Biggles was different. Partly through temperament — and partly too because of the extraordinary series of adventures that soon diverted him from Front-Line flying — Biggles never did become a famous ace. He was not a natural killer, and he flew for the simplest of reasons — because he loved it and believed that the happiest place on earth was the cockpit of an aeroplane.
Towards the end of 1916, the British forces in the north of France were finally bogged down. The weather was as bad an enemy as the German army, as fog and ice were added to the hazards of a combat pilot’s life.

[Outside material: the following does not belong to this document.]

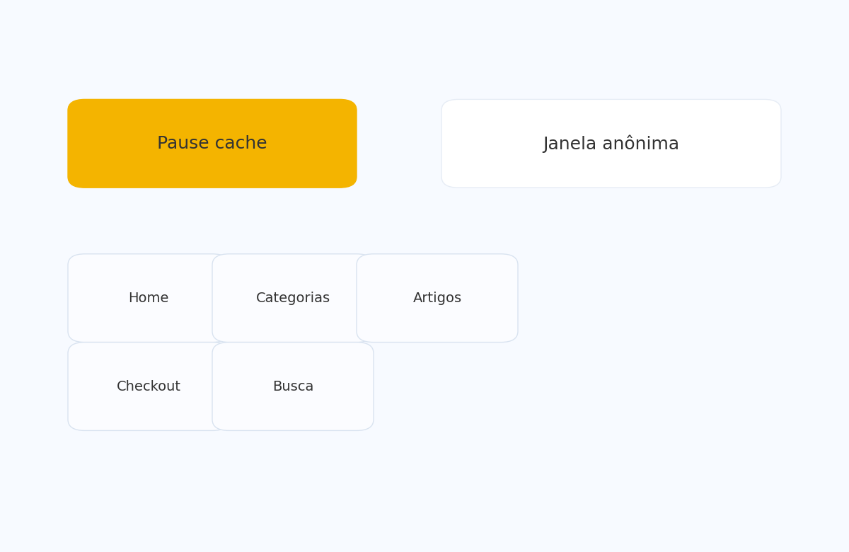 - Páginas sensíveis: carrinho/checkout, login, busca, “minha conta”

Allied Headquarters had been hearing rumours that the enemy was massing to attack along the narrow segment from the Belgian border, but clear-cut information was urgently required — information which only aerial reconnaissance could provide.
Even in decent weather this sort of reconnaissance was hazardous. The German base at Vanfleur was forty miles behind their Lines, and although the F.E.2s were ideal for this sort of operation, as their low speed and stability made them the perfect spotter planes, they were also hideously vulnerable. The generals were demanding detailed information — numbers of rail trucks in the sidings, news about arms dumps and troop formations, all of which meant that the aircraft would have to spend several minutes flying dangerously low across the town.
When the request came through from High Command, one of the most experienced pilots in the Squadron, a Captain L
ittleton, was given the job. He failed to return. So did Lieutenant Blake, another veteran of 169. But although two planes were lost, there was no question of abandoning the task; it was now the turn of Biggles’ flight.
Mapleton, the Flight Commander, refused point blank to ask for volunteers. ‘I’m not letting anyone commit suicide just because he considers it the right thing to do,’ were the words he used. Instead he suggested that all three pilots tossed for it, the odd man out to go. Inevitably, the odd man out was Biggles. Way appeared understandably concerned. Mapleton’s talk of suicide was not exactly calculated to give much encouragement to the chosen victims, but Biggles seemed delighted, for he had reached that dangerous point of all young fliers where confidence had started to outrun experience. He seemed to have a charmed life in the air and felt no fear. Flying was still a game, and even the warnings and the grim briefing from the CO., Major Paynter, failed to dampen his spirits.
Paynter suggested that they flew at dawn next morning, but Biggles showed his contempt for Paynter’s advice by insisting on that very afternoon.
‘Jerry is always waiting for a dawn patrol,’ he said. ‘Less opposition in the afternoon.’
The C.O. agreed but warned them to watch out. ‘Reports from Intelligence suggest that Richthofen and his merry men have moved up to the airfield at Douai, and there are already more Boche combat planes there than anywhere else on the Western Front.’ He smiled quizzically. ‘I tell you this to cheer you on your way.’
‘Well, if we’ve got to go, we might as well get it over with as soon as possible,’ Way remarked to Biggles-when they were safely out of earshot.